Escribo estas líneas durante la jornada electoral del domingo 28 de mayo. He recorrido esta mañana algunas calles de la localidad donde habito actualmente y he contemplado, no sin inquietud, la saña con que supuestos demócratas, progresistas y gente así han pintarrajeado y destrozado carteles propagandísticos del “enemigo”. Saña, no otra cosa. Entiendo la pequeña gamberrada de pintar bigotes o poner subtítulos a un cartel electoral, del estilo “Que te vote Txapote”, “Fascista”, “Ladrón” y paridas parecidas. No lo justifico, claro está, pero lo entiendo porque somos así, estamos casi siempre muy convencidos de nuestra rectitud moral en lo que concierne al óptimo argumento sobre lo público y al mismo tiempo sentimos la atávica pulsión de ridiculizar y desacreditar al oponente, aunque la acción en sí no sea legítima: la emoción por encima de los propios principios, por supuesto por encima de la ley. No está bien pero bueno, tampoco tiene tanta importancia. No me refiero a la irrelevancia vandálica del zascandil urbano politizado sino al odio prácticamente homicida que algunos han aplicado durante la campaña contra quienes consideran sus enemigos. Homicida, cierto. Odio homicida porque si pudiesen, si se supieran anónimos e impunes en la fechoría, matarían a quienes discrepan. Y eso ya no encaja en los ámbitos de lo natural sino en los síntomas de la psicopatía. Otro ejemplo, puede que más descorazonador: una señora asomada a una ventana, chillando como una loca porque afiliados de Vox han puesto un cartel electoral en una farola frente a su domicilio, quejándose la buena mujer, “mis hijos no tienen por qué ver la foto de un fascista cuando se asomen a la calle”; al final llama a la policía y la guardia urbana le dice que se peine y la señora grita más todavía: “Estamos peor que en el franquismo”.

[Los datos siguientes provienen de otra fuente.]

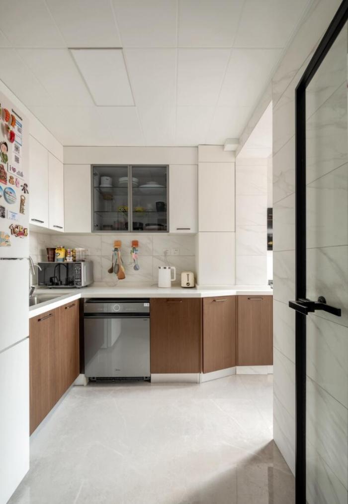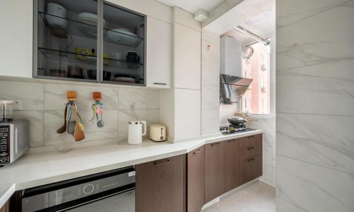 吊柜设计十分显细节,首先是以围合式的结构与橱柜相连,可以让空间得到充分利用。其次是中间位置选择玻璃柜门安装,既提高了空间颜值,也彰显出了生活的品质感。
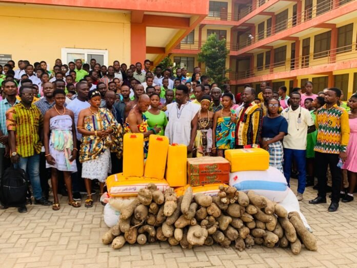 The Abease Traditional Council in the Pru West District of the Bono East Region, under the distinguished leadership of His Royal Majesty Obrempong Kru Takyi II, Omanhene of Abease and Vice President of the Bono East Regional House of Chiefs, has demonstrated practical commitment to education by donating assorted food items to Abeaseman Senior High School to support the feeding of its boarding students.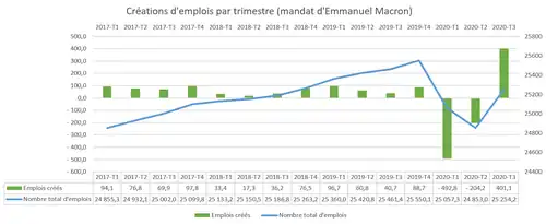 Emmanuel Macron avait affirmé une volonté de réduire le périmètre des services publics en se fixant l'objectif de supprimer 120 000 postes de fonctionnaires en cinq ans[75]. En , le chef de l’État souhaite qu’il n’y ait plus de fermetures d’écoles ou d’hôpitaux d’ici à la fin du quinquennat et assurer pour l’ensemble des citoyens un accès aux services publics « en moins de trente minutes », notamment grâce à l'implantation d'une structure dénommée « France services » à l'échelle du canton[76]. En , Gérald Darmanin acte une revue à la baisse des suppressions de postes au sein de la fonction publique d'État, de 50 000 à 15 000 postes, faisant ainsi passer l'objectif global de 120 000 à 85 000 suppressions. Cette décision fait suite à l'intégration du ministère de l'Éducation dans les ministères « sanctuarisés » à l'issue du grand débat national[77].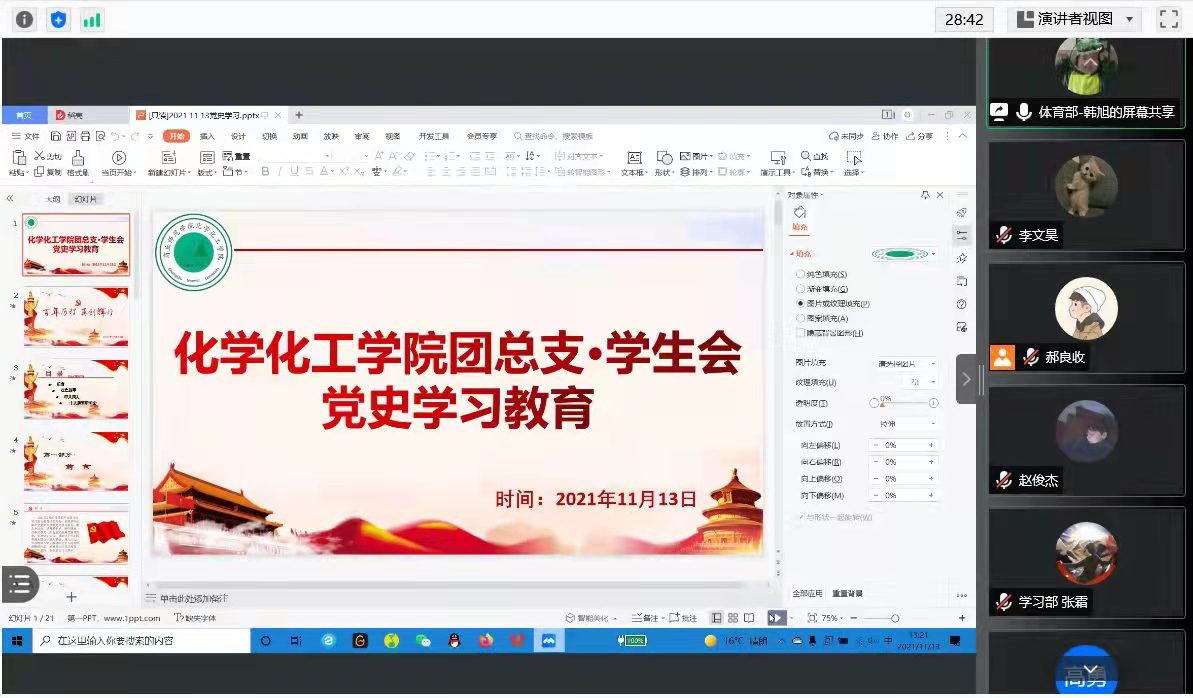 为进一步贯彻落实习近平总书记在党史学习教育大会上的重要讲话精神,提高同学们的思想高度,坚定理想信念。11月13日中午,麻豆精品㊙️国产传媒AV团总支·学生会于线上组织开展党史学习教育。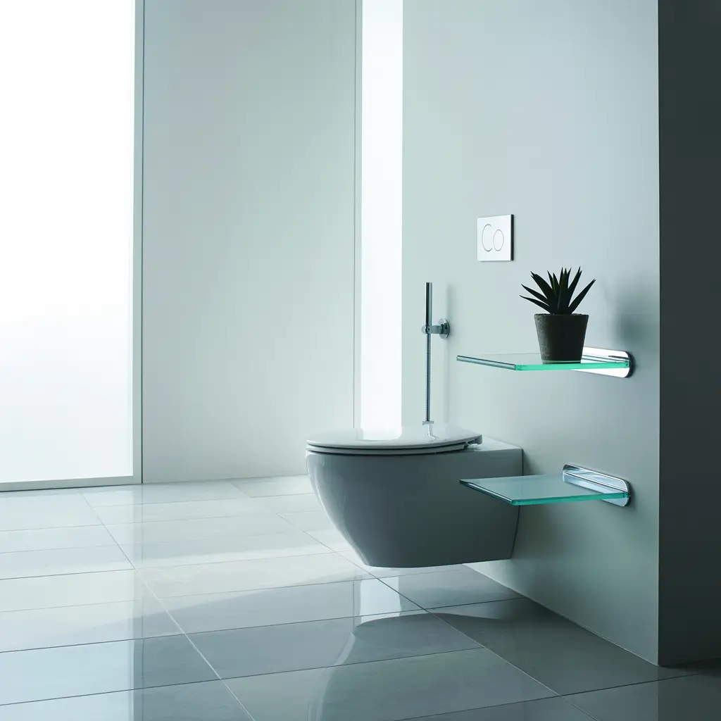 Nothing says modern and sophisticated quite like tempered glass shelves floating above your toilet. They’re practically invisible, which keeps your bathroom feeling open and uncluttered while still providing storage.
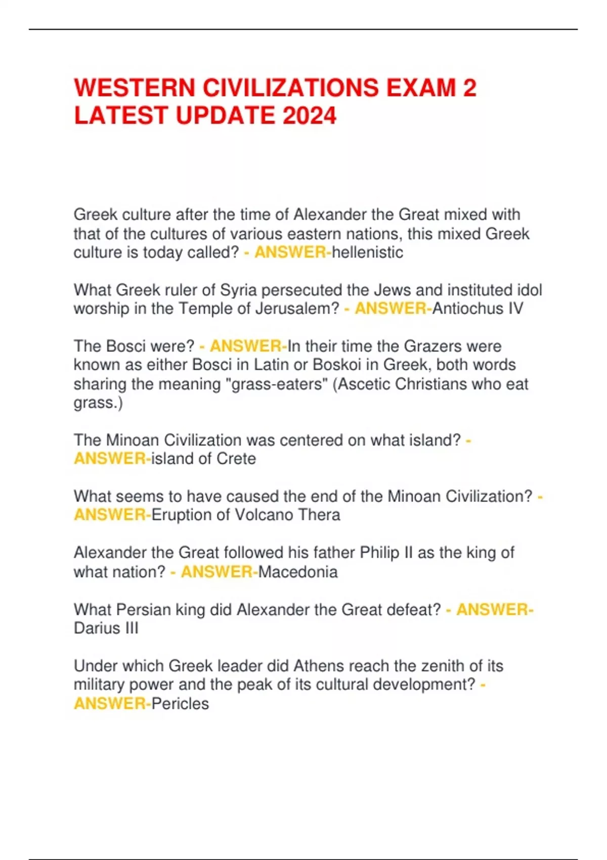 WESTERN CIVILIZATIONS EXAM 2 LATEST UPDATE 2024 Greek culture after the time of Alexander the Great mixed with that of the cultures of various eastern nations, this mixed Greek culture is today called? - ANSWER-hellenistic What Greek ruler of Syria persecuted the Jews and instituted idol worship in the Temple of Jerusalem? - ANSWER-Antiochus IV The Bosci were? - ANSWER-In their time the Grazers were known as either Bosci in Latin or Boskoi in Greek, both words sharing the meaning "grass-eaters" (Ascetic Christians who eat grass.) The Minoan Civilization was centered on what island? - ANSWER-island of Crete What seems to have caused the end of the Minoan Civilization? - ANSWER-Eruption of Volcano Thera Alexander the Great followed his father Philip II as the king of what nation? - ANSWER-Macedonia What Persian king did Alexander the Great defeat? - ANSWERDarius III Under which Greek leader did Athens reach the zenith of its military power and the peak of its cultural development? - ANSWER-Pericles What happened at the Battle of Salmis in 479 BC that was so important for the future of Greece? - ANSWER-Greek navy defeated the Persians. In which battle did the famous 300 Spartans fights? - ANSWERBattle of Thermopylae Which man was responsible for killing Alexander the Great's family? - ANSWER-Casandor The members of the First Triumvirate were? - ANSWER-Julius Caesar, Crassus, and Pompei Which was not a provision of the Benedictine Rule? - ANSWERMarriage Who was the first true "emperor" of the Roman Empire? - ANSWER-Caesar Augustus What famous general led the Carthagenians and almost defeated Rome in the 2nd Punic War? - ANSWER-Hannibal the Great Ancient, heavily-armed, Greek, Infantry soldiers were called? - ANSWER-Hoplites Which two cities fought each other in the Peloponnesian Wars? - ANSWER-An ancient Greek war fought by Athens and its empire against the Peloponnesian League led by Sparta. The monastery of Monte Cassino in Italy was founded by? - ANSWER-St. Benedict Pachomius was the founder of? - ANSWER-Cenobitic Monasticism Which was not one of the four great Greek families which divided the Empire of Alexander the Great into four kingdoms? - ANSWER-Attalios, Ptolemies, Seleucids, Antigonids The lower class people of ancient Greece were called? - ANSWER-Demoi The upper class people of ancient Greece were called? - ANSWER-Aristo A trireme was? - ANSWER-A Greek warship Which Jewish group was violently opposed to Roman rule? - ANSWER-Zelots The "Pax Romana" was? - ANSWER-This was the long period of relative peace and minimal expansion by military force experienced by the Roman Empire in the 1st and 2nd centuries AD Which Roman emperor went totally insane? - ANSWER-Nero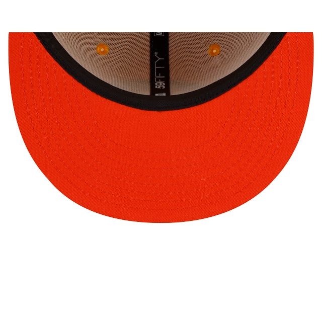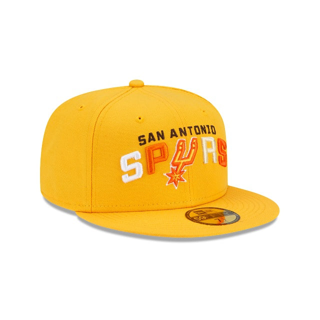Enter at your own risk with the San Antonio Spurs Spooky Treat 59FIFTY Fitted Cap featuring bright yellows and oranges with an embroidered Spurs logo at the front panels and a matching NBA logo at the rear. Additional details include an orange undervisor.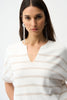The relaxed silhouette falls easily through the body, offering a flattering fit that doesn’t cling while maintaining a clean shape. A subtle notch neckline adds a contemporary touch, elevating the design beyond a basic tee, while the short sleeves with rolled cuffs enhance its laid-back appeal. The horizontal stripe pattern introduces understated texture, making it easy to pair with both casual and more elevated pieces.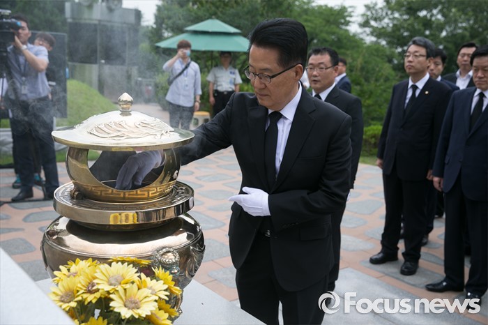 | △ DJ 묘소 참배하는 박지원 |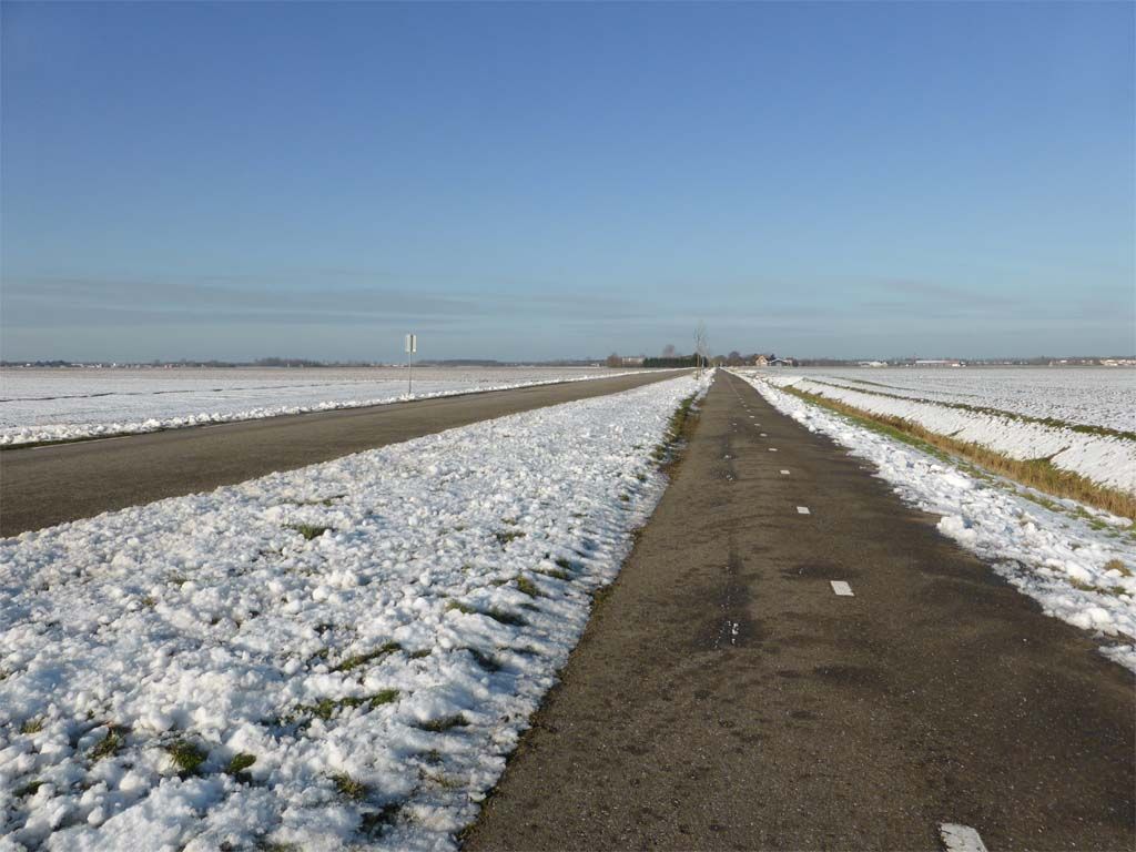 Een maagdelijk wit schelpenpad hadden we, het was best oppassen geblazen want eerdere ondergesneeuwde plassen waren best glad.

¿Quién ha tramado y organizado esta feria? ¿Quién se ha empeñado en convertir a cada español en un activista fratricida, convencido de que las urnas y los números de un porcentaje dan derecho a borrar del mapa a quienes molestan? La democracia es todo lo contrario desde mi punto de vista y, espero, desde la perspectiva de cualquier persona que toma el sol y sabe cómo se llama: no es tanto el derecho de las mayorías a gobernar como el derecho de las minorías a seguir siendo, y seguir siendo intactas, sin que la razón mayoritaria las avasalle. Las mayorías que no se imponen a sí mismas y como primera obligación la integridad ideológica, jurídica y cultural de la minoría, serán mayoría en efecto pero también son dictadura. No me aparto de esa idea: las dictaduras no son el gobierno de unos pocos en contra de todos los demás sino el abuso contra lo minoritario, su exterminio político y condena a desaparecer de la vida civil. Y esa es la tendencia que se corresponde hoy con lo cotidiano: el derecho de una mujer alterada a llamar a la policía porque frente a su domicilio alguien ha tenido la osadía de colocar una propaganda política que no le gusta. El corazón tiene razones que la razón no entiende, dice el aserto y es verdad. Lo malo de estos tiempos de infamia en que nos ha tocado vivir es que ese corazón destila un odio funerario que la razón entiende perfectamente. Encima, para degradar el panorama hasta lo intratable, nunca faltará el político —la política, claro, estaba faltando aquí la política—, nunca faltarán el político y la política que argumenten con fruición y vehemencia todas esas razones que ni el corazón ni la razón ni el hígado entienden pero que cuadran perfectamente con el fondo mortal de su discurso. De ahí al manicomio autogestionado, dos crisis de identidad, media de pánico y cuatro pastillas. Sí, no cabe duda: bien venidos a los tiempos del odio.